• [Dataset entries]
····················

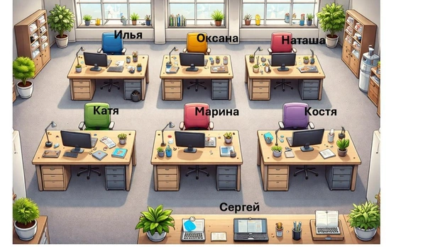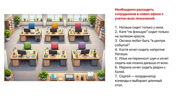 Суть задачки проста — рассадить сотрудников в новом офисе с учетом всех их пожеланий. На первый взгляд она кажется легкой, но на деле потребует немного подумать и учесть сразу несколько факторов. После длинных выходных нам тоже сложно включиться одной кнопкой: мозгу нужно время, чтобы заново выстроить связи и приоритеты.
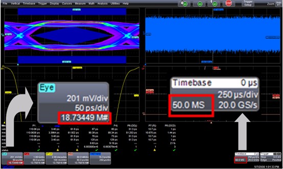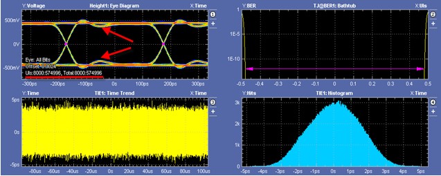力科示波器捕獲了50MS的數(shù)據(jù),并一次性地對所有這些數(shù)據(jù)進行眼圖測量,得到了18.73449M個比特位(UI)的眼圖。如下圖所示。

····················

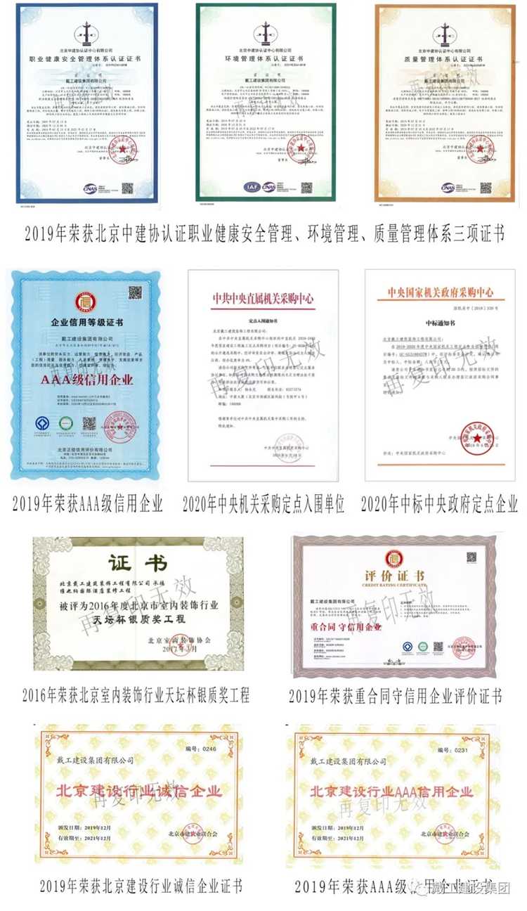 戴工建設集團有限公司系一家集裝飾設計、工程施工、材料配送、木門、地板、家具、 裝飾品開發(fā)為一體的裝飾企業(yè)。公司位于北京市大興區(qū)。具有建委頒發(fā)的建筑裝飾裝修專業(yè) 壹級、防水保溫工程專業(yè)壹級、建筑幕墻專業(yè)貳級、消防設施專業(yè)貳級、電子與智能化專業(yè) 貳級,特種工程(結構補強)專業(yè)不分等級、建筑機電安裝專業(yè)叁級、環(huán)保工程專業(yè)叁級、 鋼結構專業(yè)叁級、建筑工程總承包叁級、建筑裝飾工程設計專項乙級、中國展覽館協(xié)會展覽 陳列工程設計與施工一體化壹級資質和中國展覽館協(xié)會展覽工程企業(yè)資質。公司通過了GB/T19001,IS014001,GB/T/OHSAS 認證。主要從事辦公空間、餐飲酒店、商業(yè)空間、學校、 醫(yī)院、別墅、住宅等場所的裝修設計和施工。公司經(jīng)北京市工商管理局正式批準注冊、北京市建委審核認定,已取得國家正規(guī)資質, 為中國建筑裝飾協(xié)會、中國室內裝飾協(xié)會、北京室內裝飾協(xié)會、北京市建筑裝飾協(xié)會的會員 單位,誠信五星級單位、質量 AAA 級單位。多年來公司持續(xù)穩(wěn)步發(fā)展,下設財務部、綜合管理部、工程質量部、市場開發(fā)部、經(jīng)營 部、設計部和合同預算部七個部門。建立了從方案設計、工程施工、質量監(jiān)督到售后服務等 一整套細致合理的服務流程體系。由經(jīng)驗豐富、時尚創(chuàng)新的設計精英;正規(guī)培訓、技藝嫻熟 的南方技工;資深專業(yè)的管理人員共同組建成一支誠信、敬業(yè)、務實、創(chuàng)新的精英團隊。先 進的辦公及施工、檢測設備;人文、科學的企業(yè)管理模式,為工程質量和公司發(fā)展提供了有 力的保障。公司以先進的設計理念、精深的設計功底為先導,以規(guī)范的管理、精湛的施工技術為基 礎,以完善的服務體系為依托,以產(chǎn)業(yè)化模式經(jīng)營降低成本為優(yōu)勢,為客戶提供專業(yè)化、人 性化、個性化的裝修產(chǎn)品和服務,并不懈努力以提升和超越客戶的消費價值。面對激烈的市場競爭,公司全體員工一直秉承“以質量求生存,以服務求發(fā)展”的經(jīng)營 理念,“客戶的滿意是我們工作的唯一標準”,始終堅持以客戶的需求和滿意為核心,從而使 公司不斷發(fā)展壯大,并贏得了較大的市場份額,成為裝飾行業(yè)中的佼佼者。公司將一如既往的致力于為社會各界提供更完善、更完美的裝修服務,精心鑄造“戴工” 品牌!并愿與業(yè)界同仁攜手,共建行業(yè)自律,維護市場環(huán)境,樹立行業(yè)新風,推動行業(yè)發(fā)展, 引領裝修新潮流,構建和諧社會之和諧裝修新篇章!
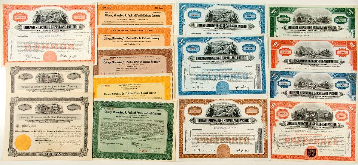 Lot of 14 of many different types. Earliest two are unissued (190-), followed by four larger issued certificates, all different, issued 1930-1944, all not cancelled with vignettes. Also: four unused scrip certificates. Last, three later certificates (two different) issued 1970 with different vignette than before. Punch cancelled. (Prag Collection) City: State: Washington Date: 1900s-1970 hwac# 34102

····················

• [What you will do] Your task is to copy only the lines above starting at the one containing "Суть задачки проста" and ending at the one containing "力科示波器捕獲了50MS的數". Copy them exactly, both ends included, and omit the pictures.

• [Answer to this task]
 Суть задачки проста — рассадить сотрудников в новом офисе с учетом всех их пожеланий. На первый взгляд она кажется легкой, но на деле потребует немного подумать и учесть сразу несколько факторов. После длинных выходных нам тоже сложно включиться одной кнопкой: мозгу нужно время, чтобы заново выстроить связи и приоритеты.
力科示波器捕獲了50MS的數(shù)據(jù),并一次性地對所有這些數(shù)據(jù)進行眼圖測量,得到了18.73449M個比特位(UI)的眼圖。如下圖所示。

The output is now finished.